Now it's the waiting game to see if I got in or not. I think I'm up against about 50-60 people, so here's hoping!

eee!

Apr. 29th, 2008 09:40 pm
bunnylove: (Jared - :D)
I had to swing by Capilano College- sorry I should say Capilano University now (the government designated it a university last week) to pick up my portfolio, and I found out that I HAVE BEEN PUT ON THE SHORT LIST FOR AN INTERVIEW!!!!11! a;lsdkjf;alskdfj ;alsdkufa ;lsdkjf

If I do well in the interview then I'm in the program. I'm... yeah. I just left with a huge ass grin on my face and felt really good, because when I went into the room to pick up my portfolio there were piles of them on about 10 tables! I guess I did something right. My interview is on Monday morning.
bunnylove: (Supernatural - Annoyed Puppy)
I handed in my portfolio to the college today, so it's now out of my hands. If they like it then they'll put me on the short list for an interview and after that I will get to know if I'm in or not. Gah. I'm so happy to be finished, but to wait and see if I get in or not makes me nervous. My gut is telling me that I do have a good shot at this, so let us all hope and pray. :)

I think my stress/anxiety about all this has come through in my dreams because last night I had a SPN dream where Sam went after Bobby with a chainsaw. Yeah, I have no idea what that was about either. LOL

!!!!

Apr. 21st, 2008 01:09 am
bunnylove: (Supernatural - Happy Times)
I'VE FINISHED MY PORTFOLIO!!!

I don't know if I should start to cry or laugh my ass off...

PASILDFRUY

Apr. 20th, 2008 02:49 pm
bunnylove: (LOTR - Frodo Oh Crap)
I just randomly typed that subject line.

Does anyone know where I can get an online guide or a magazine/book that has the values of action figures, trading cards ect.? I want to sell some of the duplicates of my LOTR stuff because I have no room for them and I'm not sure if they'd be worth more than they are now or not.
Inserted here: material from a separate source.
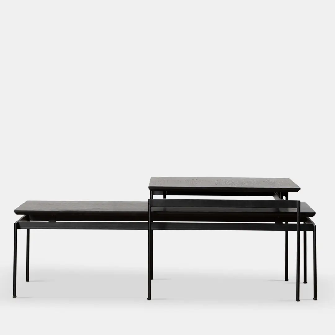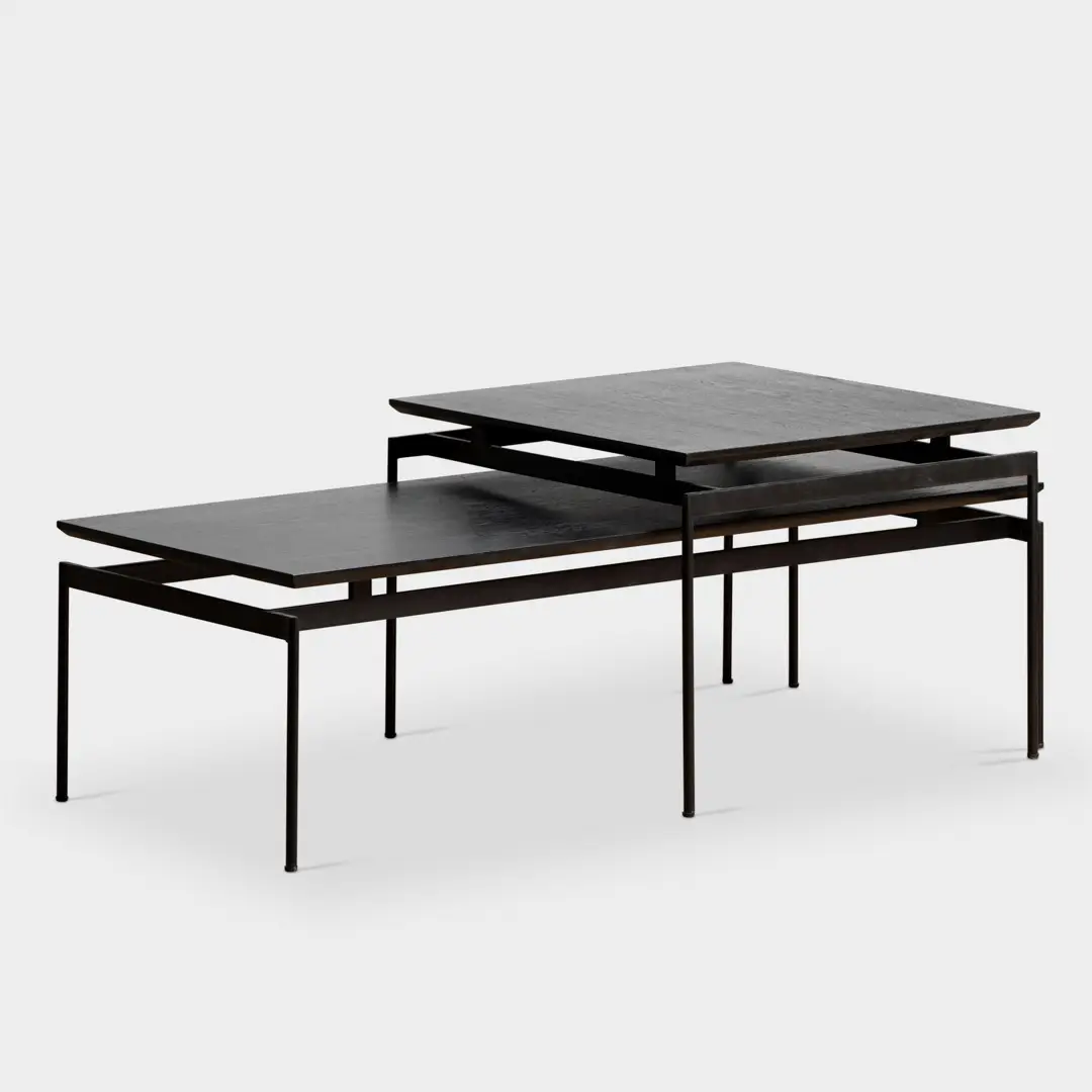 די לחיפושים! זוג שולחנות סלון אחד מעל השני, פרקטי מאוד לכל סלון. עשויים עץ תעשייתי בחיפוי פורניר עץ אלון בצביעת פוליטורה שחורה. מסגרת ברזל מגולבן קלילה להשלמת המראה. זה פרקטי, זה קל לניקוי ועמיד וזה מתאים פשוט לכל סלון שיש בו טלוויזיה שחורה.

Portfolio's are due. Well not today, but by Wednesday at the latest. Since I can't hand it in on Wednesday I have to hand it in tomorrow or Tuesday. *STRESS* I've got to get the last few pieces together and then actually finish one piece. I'm getting anxiety.
bunnylove: (DA - Logan Hand Porn)
I'm almost done my portfolio! :LAKSDFHUJ OEIWRU:LESKAFJ :ALSDKH:ALSDKjh Portfolios are due by the 21st and I'm already getting nervous, because they say they get over 100 applicants to the IDEA program every year and there are only 30 spots. I do believe I have a good shot at getting in, lets hope the review board thinks the same.

I saved another mouse today. :)
bunnylove: (Practical Magic - Kitty! <3)
Today I met with my career councillor for the last time. It won't be my last time in the program, she's just leaving to bigger and better things. I'll miss her. Anyway, it really hit me today that I'm starting school again. Soon. Like in 3 weeks soon. I'm excited and nervous. I have to take high school math again, because I didn't finish it back in high school. One drawback to not liking it and having severe anxiety and depression. I hope I don't struggle with it as much as I used to. Anyway, the program I'm in right now will pay for a tutor if I need one.

I'll also be taking art to beef up my portfolio some more. I'm looking forward to that, art I don't have to think about and I can just go to class and veg.

I've been watching re-runs of The Office (US) and I really like it. Some of the stuff they have on there just cracks me up. I'm watching the ep where Michael burned his foot on his George Foreman grill. XD

There's a block party this weekend. How 1950's!!! :P It's a pot luck, so mum and I need to think of something cheap to bring. I think I'll flip through daizaliciousMiss Daisy's cookbook to see if there's anything I can make for a lot of people. Anyone have any ideas?

I made a stir fry tonight. I've never made one and it turned out really well!

I want to see Snakes on a Plane and The Illusionist this weekend, but knowing myself and my money situation I probably won't. Still, I definitely will see SOAP a.s.a.p.